Beach treasures found on Kate Obsborne's beachcombing events. Picture: KATE OSBORNE

Beach treasures found on Kate Obsborne's beachcombing events. Picture: KATE OSBORNE - Credit: Archant

“The last mammoth walked through Europe about 12,000 years ago - what a great thrill it was to have found a tooth from one.”

At Sizewell, as well as beachcombing Ms Osborne highlights the international importance of Suffolk’s fragile vegetated shingle beaches.

“As well as the delight in discovering treasures, Beach Bonkers also raises awareness with the aim of changing the behaviour of visitors to Suffolk’s shingle beaches,” she said. “Vegetated shingle beach is a rare and surprisingly fragile habitat only found in three places in the world. The plants that live there are adapted to conditions where there is no soil and very little fresh water. In places, the shingle can be up to 18 metre deep, with plant roots reaching down to as much as two metres.

“We look at the plants and how they have adapted to live in the shingle. We can also find lumps of coralline crag which often contain shells and fossil corals,” she said.

Expect the unexpected seems to be wise advice for anyone taking part in a Beach Bonkers event.

“I can’t tell you what you’re going to find but I do know that you will find something” said Ms Osborne. “This is one of the few real treasure hunts you can still do - and, even better, the beach is refreshed twice a day, every day, with each high tide casting up treasures anew.”

At each event there will be a display of previously found beachcombing treasures, a mini shingle beach with clues to find the hidden treasures, and a giant beachcombing board game.

“People say they prefer sandy beaches, but then come on a beachcomb and see just how much you can find on a shingle beach,” said Ms Osborne. “This means they appreciate them more and, in turn, means they will look after them. Sadly, as well as the natural treasures we also find beach litter, mainly plastic.

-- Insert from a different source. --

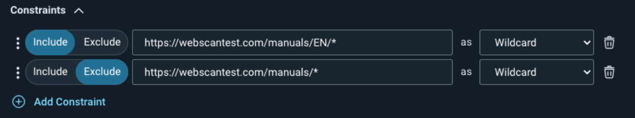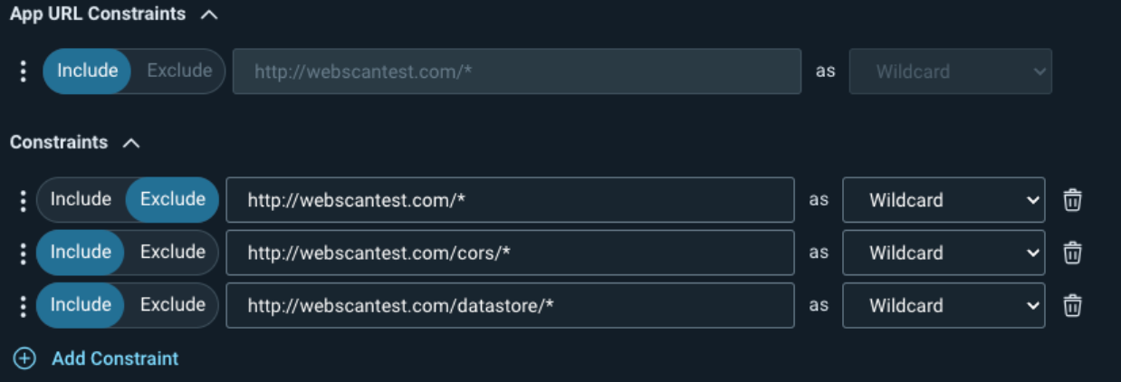 You can optionally add the constraints to the Attack Restrictions so the scan still crawls the target pages, but doesn’t attack them.
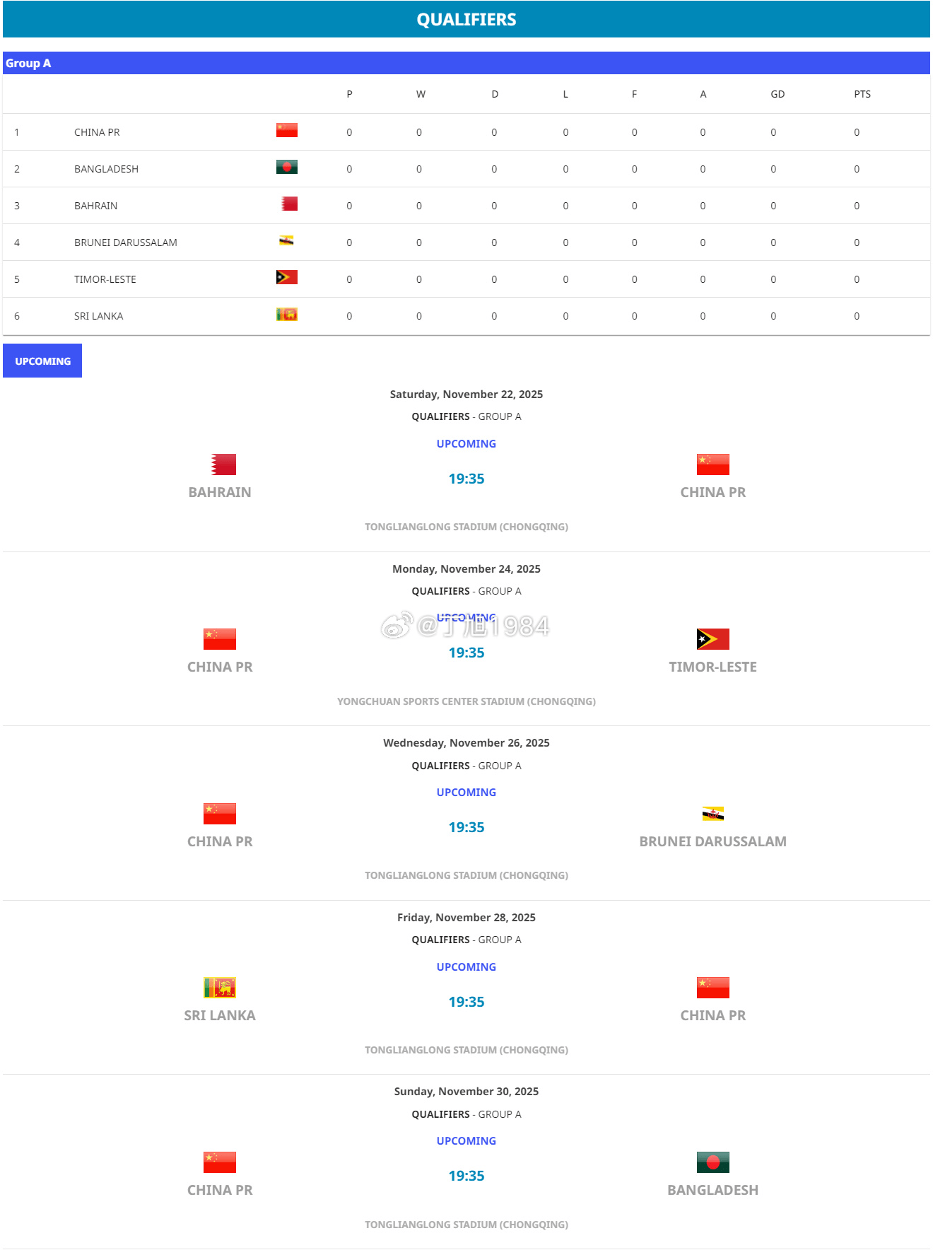 虎扑09月23日讯 媒体人丁旭消息,亚足联公布2026亚足联U17亚洲杯预选赛赛程。

It doesn’t just ‘wash up from the sea’ – almost half of it is there because we, the public, have put it there.”

Ms Osborne has a lifelong love of the marine environment that was kindled when she spent part of her childhood roaming the coast of the north-east Atlantic in the United States.

Well acquainted with Suffolk shores, she has worked as the ranger on the Landguard Local Nature Reserve at the southern tip of the county and was most recently the project officer for Touching the Tide - the three-year Heritage Lottery Funded Landscape Partnership Scheme that engaged individuals and communities with all things pertaining to the county’s changing coast.

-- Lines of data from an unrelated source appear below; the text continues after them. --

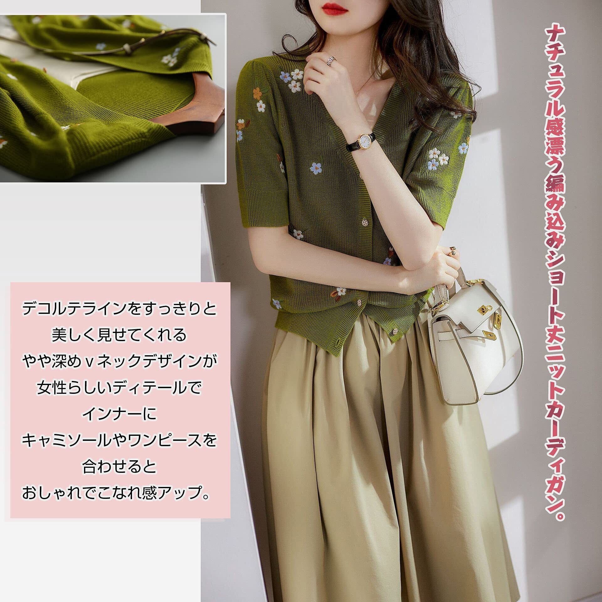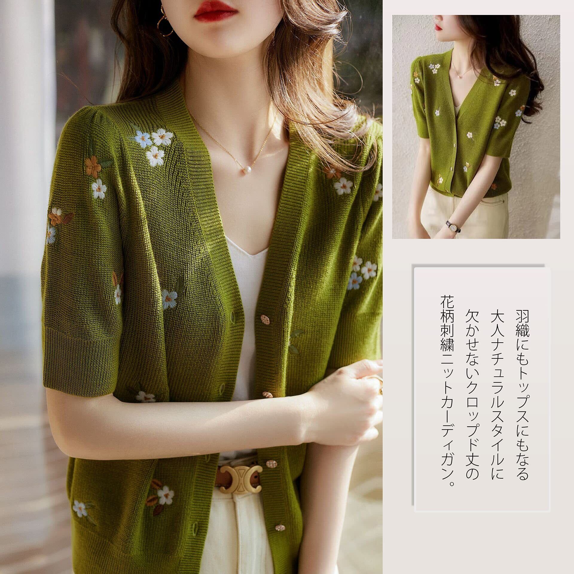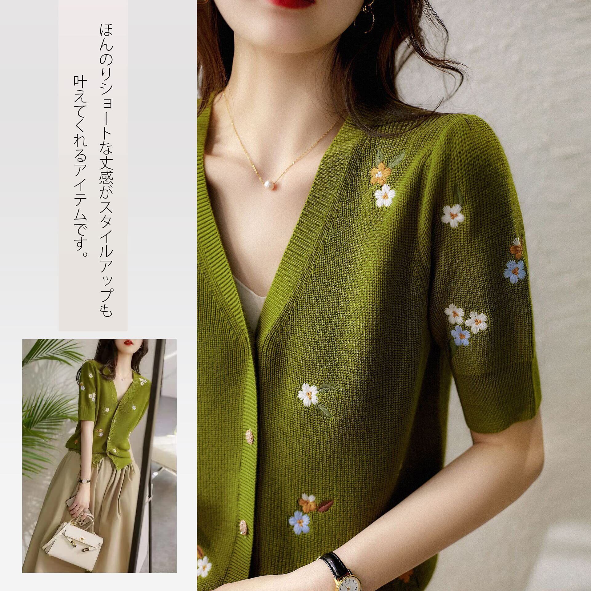 半袖 カーディガン ニット ショート丈 可愛い 花柄 刺繍 サマーニット トップス vネック レディース 夏 グリーン S
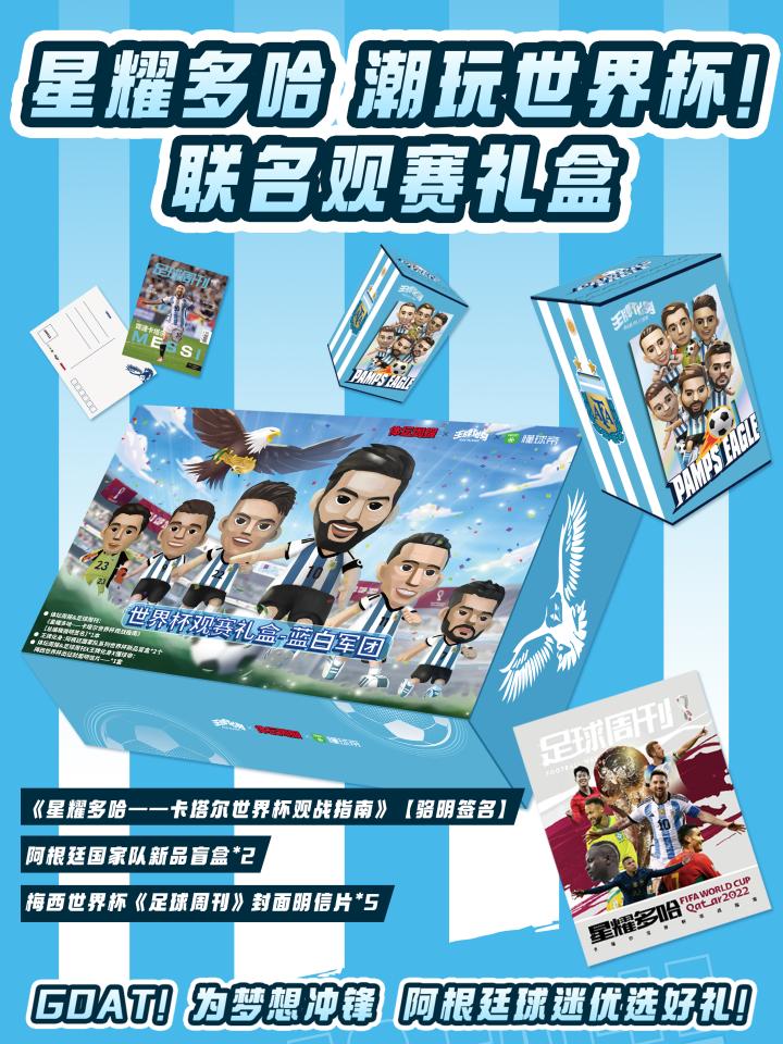 此外,由王牌化身X体坛周报X懂球帝联名打造的星耀多哈 潮玩世界杯!2022年卡塔尔世界杯观赛礼盒也正在商城售卖。世界杯联名观赛礼盒内含:
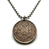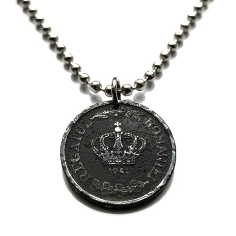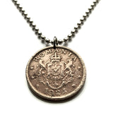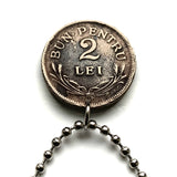 1924 Romania 2 Leu coin pendant Romanian crown lions eagle Bucharest Cluj-Napoca Iasi Constanta Wallachia Moldavia Timisoara Transylvania Bran Vlad Dracula's Castle Sibiu Brasov Peles Castle Roman Dacia Michael the Brave Vlachs Craiova Galati n001226
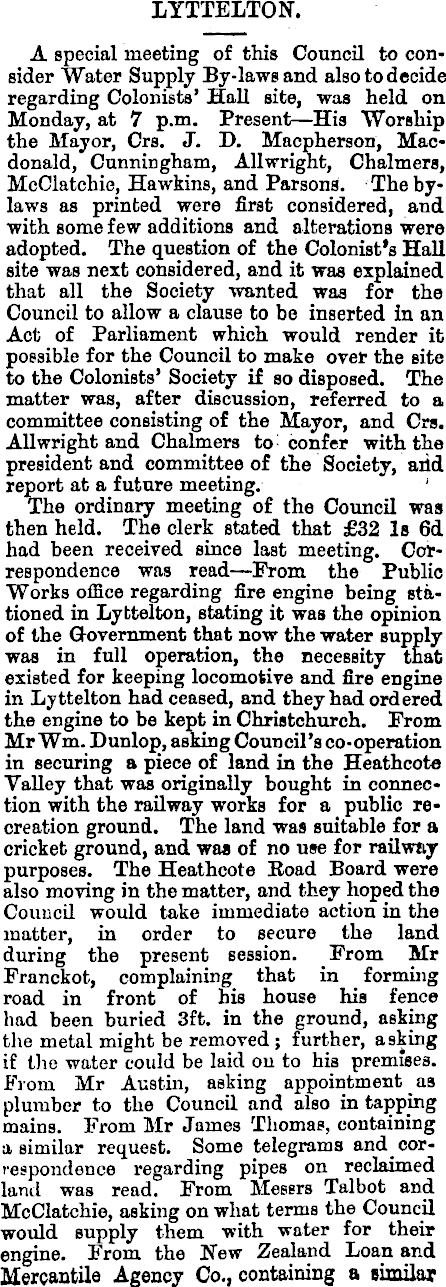 LYTTELTON. A special meeting of this Council to consider Water Supply By-laws and also to decide regarding Colonists’ Hall site, was held on Monday, at 7 p.m. Present—His Worship the Mayor, Crs. J. D. Macpherson, Macdonald, Cunningham, Allwright, Chalmers, McClatchie, Hawkins, and Parsons. The bylaws as printed were first considered, and with some few additions and alterations were adopted. The question of the Colonist’s Hall site was next considered, and it was explained that all the Society wanted was for the Council to allow a clause to be inserted in an Act of Parliament which would render it possible for the Council to make oyer the site to the Colonists’ Society if so disposed. The matter was, after discussion, referred to a committee consisting of the Mayor, and Crs. Allwright and Chalmers to confer with the president and committee of the Society, aild report at a future meeting. The ordinary meeting of the Council was then held. The clerk stated that £32 Is 6d had been received since last meeting. Correspondence was read—Prom the Public Works office regarding fire engine being stationed in Lyttelton, stating it was the opinion of the Q-overnment that now the water supply was in full operation, the necessity that existed for keeping locomotive and fire engine in Lyttelton had ceased, and they had ordered the engine to be kept in Christchurch. Prom Mr Wm. Dunlop, asking Council’s co-operation in securing a piece of land in the Heathcote Yalley that was originally bought in connection with the railway works for a public recreation ground. The land was suitable for a cricket ground, and was of no use for railway purposes. The Heathcote Road Board were also moving in the matter, and they hoped the Council would take immediate action in the matter, in order to secure the land during the present session. From Mr Franckot, complaining that in forming road in front of his house his fence had been buried 3ft. in the ground, asking the metal might be removed; further, asking if (ho water could be laid on to his premises. From Mr Austin, asking appointment as plumber to the Council and also in tapping mains. Prom Mr James Thomas, containing a similar request. Some telegrams and correspondence regarding pipes on reclaimed land was read. Prom Messrs Talbot and McClatchie, asking on what terms the Council would supply them with water for their engine. Prom the New Zealand Loan and Mercantile Agency Co., containing a similar
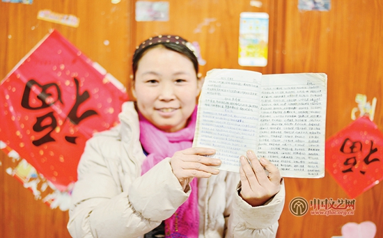 今年央视播出的《中国诗词大会》上,白茹云用一句“千磨万击还坚劲,任尔东西南北风”作为开场白,而当她讲述自己的生活经历时,许多现场观众潸然泪下。41岁的白茹云是河北省南和县郝桥镇侯西村一名普通农民。她六年前不幸罹患淋巴癌,一个弟弟因患脑瘤瘫痪在床,另一个弟弟多年前失踪。面对人生中的各种不幸,她背诵诗词上万首,从优秀传统文化中汲取力量,坚强乐观笑对人生。图为白茹云在家中展示多年来抄写的诗词。白茹云的故事生动地表明:诗歌要以人民为中心,诗歌绝不是“私歌”。 新华社发 曹国厂 摄

During her time with Touching the Tide, Ms Osborne said she had a “lightbulb moment”.

“I thought to myself ‘why are we not taking people out onto the beaches and showing them all the brilliant natural things that a Suffolk beach has?’ So we started doing just that and it was really worthwhile and enjoyable, and it was always really popular.

“As Touching the Tide was coming to an end I had to think what I was going to do next, at least in the short term, and I thought that here was something that could really work.

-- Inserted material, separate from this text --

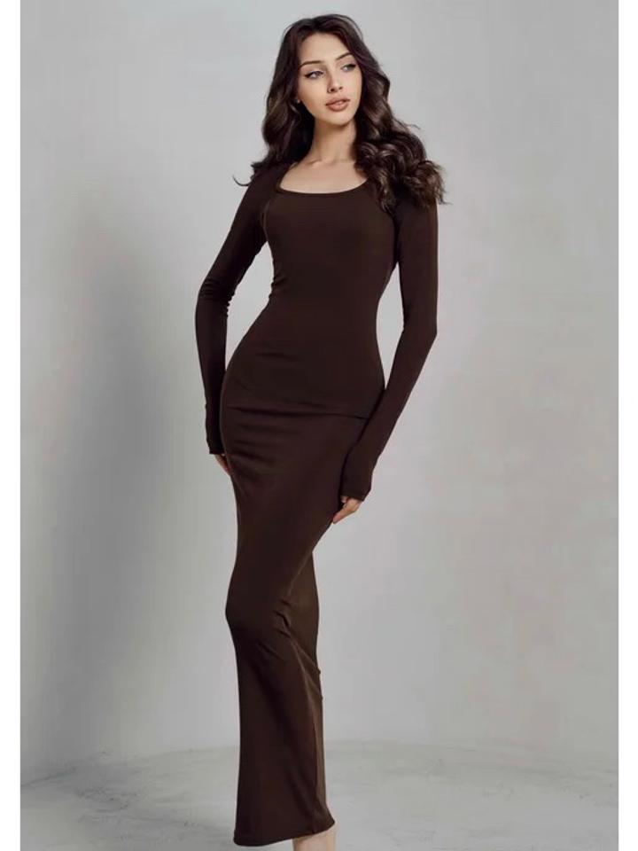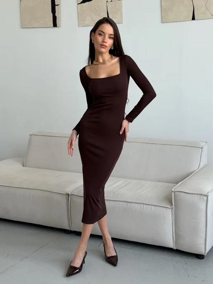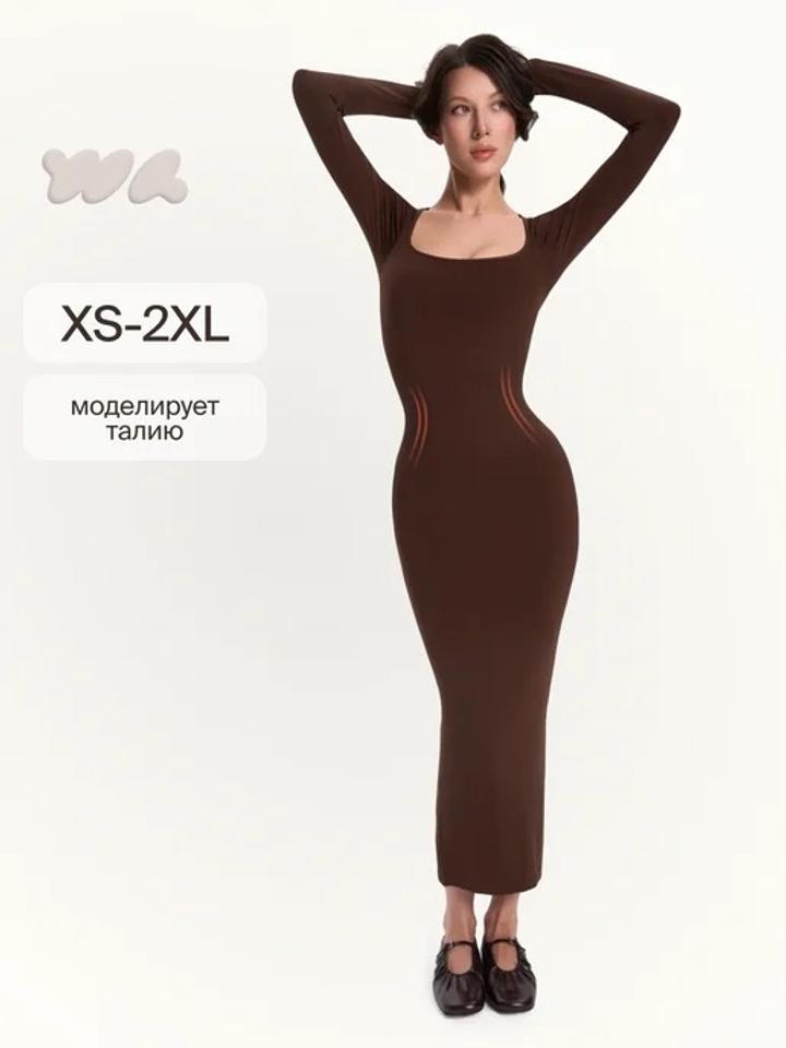 Коричневое платье макси длины под skims Размер стандарт- от М до Хл Сзади на завязках, можно приталить еще больше как корсет Материал плотный, не скатывается Состояние отличное Артикул: 507171
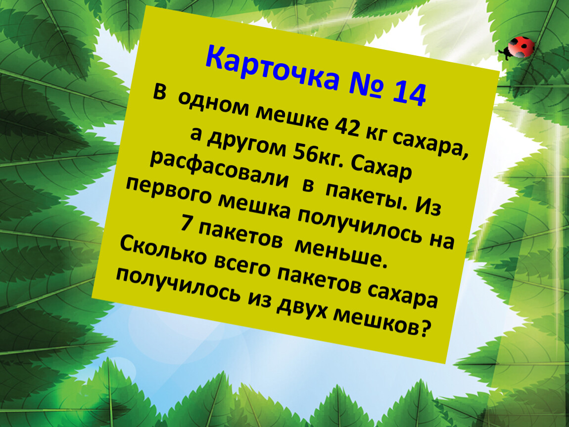 Карточка № 14 В одном мешке 42 кг сахара, а другом 56кг. Сахар расфасовали в пакеты. Из первого мешка получилось на 7 пакетов меньше. Сколько всего пакетов сахара получилось из двух мешков?

“Beachcombing is so endlessly fascinating. After every high tide, a walk along a strandline will show you all sorts of things of interest, both man-made and natural. No-one starts a beachcomb knowing what they’ll find and no-one finishes a beachcomb disappointed. And no-one does it without wanting to do it all over again as soon as they can.

“Every beach treasure we find tells a story - whether it’s egg cases of creatures we never see, glass frosted by the waves, driftwood eaten by insatiable worms or sharks’ teeth and fossils that are millions of years old. Although we have a lot of shingle in Suffolk, this is a rare and fragile habitat that’s full of specially adapted plants and wildlife as well as the evidence of the lives of our sea creatures. Beachcombing helps people to appreciate that and treasure our beaches.”

About half of Beach Bonkers’ 2017 events are supported by three grants - from the Suffolk Secrets AONB fund, the Galloper Wind Farm Fund and an Enabling Communities grant from Felixstowe councillor Tracey Green.